За неделю-другую Аня, и раньше выглядевшая вполне упитанной, растолстела, щеки налились клюквеннным румянцем, глаза словно бы уменьшились, потускнела синева зрачков. Ей выдали клеенчатый фартук и рукавицы. Фартук всегда блестел влажно и вонял хлоркой.
– Ну я его мою ведь раз сто на день, не меньше… Я ж этой заразы боюся.
И лицо под низко повязанной белой косынкой, казалось, тоже блестело, жирно лоснилось.
Несколько раз, когда я заходил в ее «палату», густо дымя махоркой, я видел, как Аня ела. Не снимая мокрого зловонного фартука, она неторопливо хлебала из котелка, отламывала хлеб, лежавший на столе на газете в полуметре от рукавиц, кусала маленькими белыми зубками.
С дальней койки стон:
– Ой, сестрица, опять!
– Ладно, ладно, потерпи… Вот и покушать не дадут… Ну, обосрался уже, эва-эвона, так полежи тихо… Ведь я же кушаю. Ну дай кончить, тогда уберу.
Иногда она мне казалась похожей на жирную крысу.
Некоторые больные жаловались:
– Анька, сука, все только жрет, зажимает наши пайки и меняет на шмотки. У нее уже целый сундук натасканный. Барыга она, а тут хоть подохни, она кружки кипятку не подаст.
Когда я попытался говорить с ней о жалобах, она обиженно причитала:
– Ну как тебе не совестно! Я же целый день эвона в говне сижу… Ты на минутку зайдешь и как паровоз дымишь, а я ведь некурящая, мне тут от ихней вони ни вздоху, ни продыху, только и знаю, что эва-эвона подмываю, подтираю ихние шкелеты… Ну если съела лишний кусок, так ему ж и так пропадать. Кто еще, скажи, с нашей доходиловки хлебушко возьмет? Я ж вижу, как ты нос воротишь, когда я кушаю…
В другой раз она зло, по-крысиному ощерилась:
– Ну что ты слушаешь этих поносников? У них же все мозги эва-звона вместе с говном вытекли, а они на мене еще мораль наводят. Вот сниму сейчас на хрен фартук вонючий, не стану тут мучиться. Ну посмотрю, кого ты на мое место найдешь… Старуха-то уже сколько разов сачковала, косила эва на сильно больную, я тогда целые сутки тут спала на табуретке эвона, к стенке приткнувшись. На воле за такую работу эва-эвона две пайки дают… А ты мне лишней миской баланды глаза колешь.
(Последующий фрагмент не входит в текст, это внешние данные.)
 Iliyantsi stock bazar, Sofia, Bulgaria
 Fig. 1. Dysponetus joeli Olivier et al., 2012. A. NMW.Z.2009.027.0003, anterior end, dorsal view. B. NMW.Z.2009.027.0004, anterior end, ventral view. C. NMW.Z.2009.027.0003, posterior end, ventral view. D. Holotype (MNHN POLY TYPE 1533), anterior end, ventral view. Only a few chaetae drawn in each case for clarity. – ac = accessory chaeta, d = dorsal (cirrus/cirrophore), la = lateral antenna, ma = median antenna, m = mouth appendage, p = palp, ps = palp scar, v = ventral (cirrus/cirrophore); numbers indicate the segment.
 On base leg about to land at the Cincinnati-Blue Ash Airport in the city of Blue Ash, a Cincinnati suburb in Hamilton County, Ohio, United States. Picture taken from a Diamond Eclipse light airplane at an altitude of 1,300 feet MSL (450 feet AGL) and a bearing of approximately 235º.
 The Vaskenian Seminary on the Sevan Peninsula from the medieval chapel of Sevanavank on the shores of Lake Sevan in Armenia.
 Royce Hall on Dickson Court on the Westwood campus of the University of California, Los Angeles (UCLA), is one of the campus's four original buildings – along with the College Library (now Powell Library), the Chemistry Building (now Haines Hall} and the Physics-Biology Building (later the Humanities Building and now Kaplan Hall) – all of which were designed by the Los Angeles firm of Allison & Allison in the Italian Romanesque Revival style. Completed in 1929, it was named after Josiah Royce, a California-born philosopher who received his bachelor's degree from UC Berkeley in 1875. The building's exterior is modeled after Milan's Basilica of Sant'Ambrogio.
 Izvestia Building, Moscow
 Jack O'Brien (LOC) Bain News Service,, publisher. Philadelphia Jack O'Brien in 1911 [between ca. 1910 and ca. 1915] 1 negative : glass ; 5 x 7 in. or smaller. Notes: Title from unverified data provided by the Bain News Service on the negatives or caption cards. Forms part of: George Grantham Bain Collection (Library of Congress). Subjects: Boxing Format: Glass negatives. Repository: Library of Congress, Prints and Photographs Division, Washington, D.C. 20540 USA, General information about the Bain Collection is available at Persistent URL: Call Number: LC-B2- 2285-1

Возражать было нечего, я старался только не показать, что испуган. Если бы она и впрямь забастовала, то найти замену было бы неимоверно трудно, а то и вовсе невозможно.
Аня становилась все толще, самоуверенней, грубее. Однако многие дизентерийные выздоравливали. И умирали в ее палате не чаще, чем рядом, у тяжелых. Каждый раз она прибегала, встревоженная:
– Кончился тот, что воколе окна, седой дяденька. Ты ему давеча от сердца колол. Ну, давай, скажи мужикам, чтоб забрали. А то мои поносники эва-эвона сильно боятся мертвяков.
Двух женщин Александр Иванович назначил санитарками взамен уехавшего на волю Гоши; позади моей кабинки отгородили еще один узкий сегмент, и туда втиснули одну «полувагонку», т.е. двухэтажный топчан, тумбочку и табуретку.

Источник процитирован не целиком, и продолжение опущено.